My mum thought my collection was a fad; I wanted to prove her wrong. As a pre-teen, I got so much joy from rearranging my Spice Girls objects, which remained in their packaging, and photographing them. We weren’t rich, but I desperately wanted the Spice Girls pencil cases, T-shirts and backpacks my friends were buying, so I saved up or waited for the sales. My collection got off the ground when the Spice Girls’ popularity started to wane and their merchandise was cheap.

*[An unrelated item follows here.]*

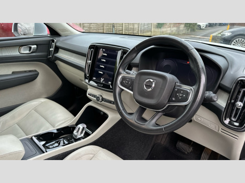 Volvo XC40 2.0 B4P Inscription 5dr Auto 12.3" Active TFT crystal driver's instrument display, 9" centre console portrait touch screen, Adjustable steering wheel force, Bluetooth hands free telephone kit, Drive mode selector, Lane keep assist with driver alert control, Oncoming Lane Mitigation, Sensus navigation with European mapping and traffic information, Speed limiter, Speed sensitive steering, Voice activated control for key functions, Volvo on call, Dynamic chassis, DAB Digital radio, Steering wheel mounted remote controls, Adaptive brake lights with high level LED brake lights, Auto dimming interior mirror, Automatic headlamp levelling, Chrome window surround, Colour coordinated auto folding and heated power door mirrors, Dual exhaust pipes, Front aluminium tread plates, Front and rear electric windows, High gloss black front grille with chrome inserts, High gloss black sensus surround deco, High Gloss silver front and rear skid plate, Home safe and approach lighting, LED front fog lights, LED Headlights + Active high beam incorporating daytime running lights, Rain sensor with automatic windscreen wiper activation, Rear side wing doors, Rear wiper, Roof antenna, Roof spoiler, Silver roof rails, Visible VIN plate, 12V socket in front tunnel console and luggage compartment, 2 zone electronic climate control and rear air vent, 3 seat bench in 2nd row, 3 spoke leather steering wheel with chrome trim, 60/40 split folding rear seat, Ambient front door and instrumental panel lighting, Bright metal luggage threshold, Centre console cupholders and storage, Driver's side lower dashboard credit card storage compartment, Front door pocket and front cupholder illumination, Front footwell illumination, Front headrests, Front reading light and theatre lighting, Front tunnel net pocket and integrated waste bin, Glovebox bag hook, Height/reach adjustable steering column, High gloss centre tunnel deco, Illuminated glovebox, Illuminated luggage compartment, Illuminated tailgate, Illuminated vanity mirrors, Isofix attachments on outer rear seats, Key integrated remote, Leather faced upholstery, Load protection net, Luxury floor mats, Multi directional lumbar support, Multicolour theatre lights, Orrefors Crystal gear lever knob, Rear armrest / integral cup holders / storage tray, Rear coat hook, Rear reading and courtesy lights, Single front passenger seat, Underfloor cargo storage, 3x3 point rear seatbelts, City safety includes pedestrian, cyclist and large animal detection and front collision warning with full auto brake, Drivers knee airbag, Dual stage driver/passenger airbags, Electronic parking brake with auto hold, First aid kit, Front and outer rear seatbelt reminder and pretensioners, Front seats SIPS airbags, Hill descent control, Hill start assist, Inflatable curtain, Passenger airbag cut-off device, Road sign information display, Run off Road Mitigation, Run off Road Protection, SIPS (Side Impact Protection System), Slippery road and hazard light alert, Stability and Traction Control with Spin control, Engine Drag Control and Corner Traction Control, Tyre pressure monitoring system, Vehicle deceleration control with Anti-lock Brake System, Electronic Brake Distribution and Emergency Brake Assist, Warning triangle, WHIPS whiplash protection system - front, Anti-theft alarm including immobiliser/volume sensor + level sensor, Care key with user defined top speed, Key integrated remote control central locking + fuel flap with deadlocking system and auto open/close power windows, Locking wheel nuts, Private locking for tailgate, Driftwood inlays

I began spending serious money on the collection when I got a student loan and discovered eBay. I bought one of Mel C’s T-shirts for £300. I most covet Geri’s union jack dress, which the Hard Rock Cafe won at auction in 1998 for £42,000, the highest amount ever paid for pop memorabilia.
I hold the Guinness World Record for the biggest Spice Girls collection; that record has led to TV appearances and meeting Emma Bunton, Mel C and Mel B. Mel C sent me one of her tracksuits, having never previously given away a tracksuit or sold one. And after I won an item of Mel B’s at auction, she sent me extra stuff, too. They like the collection because I have created a time capsule celebrating their history.
Sir Vidia Naipaul, novelist, Wiltshire; collects Indian art
My background led me to take an interest in Indian art – a kind of dull interest, because it was uninformed. Then I met Len Deighton, the thriller writer, at dinner many years ago. He demonstrated to me that Indian art could be approachable. It is quality and technique that I look for in paintings. They’re not investments: I wanted to possess them.
When I started the collection, I made a colossal error. I followed the critics. They made me believe that Moghul art was worthless, and that anything pretty is probably also worthless. And because of that advice – which, being young, I obeyed – I missed wonderful pictures in the 1950s and 1960s. The paintings I chose are still important to me. They come with all sorts of associations.
I’d like them all to stay together, and I’d like to be able to walk into a room in a museum or some similar place and look at them. In my own house, I never had the space. I would like to look at them often enough, so I could be satisfied I understood them, or understood how they were done. I would like them to become more part of me.
Roberto Baggio, former international footballer; collects hunting paraphernalia
From the age of five, I used to go out hunting with my father. He worked hard all week, so this was the only time I got to see him relaxed and happy. I’d also help him raise our live decoys: captive birds whose calls would attract their wild brethren. I used to dream about ducks flying in front of the moon. Then, when I started playing football full-time, I wasn’t able to go hunting with my dad any more, because I was busy on Sundays.
Dad had some lovely old, hand-built wooden birdcages. One day I asked him where they were. “Oh, we put them on the fire,” he said. “I’ve got new plastic ones now.” At that point I decided I’d seek out similar old things connected with the hunting culture of the Veneto, and try to save and restore them.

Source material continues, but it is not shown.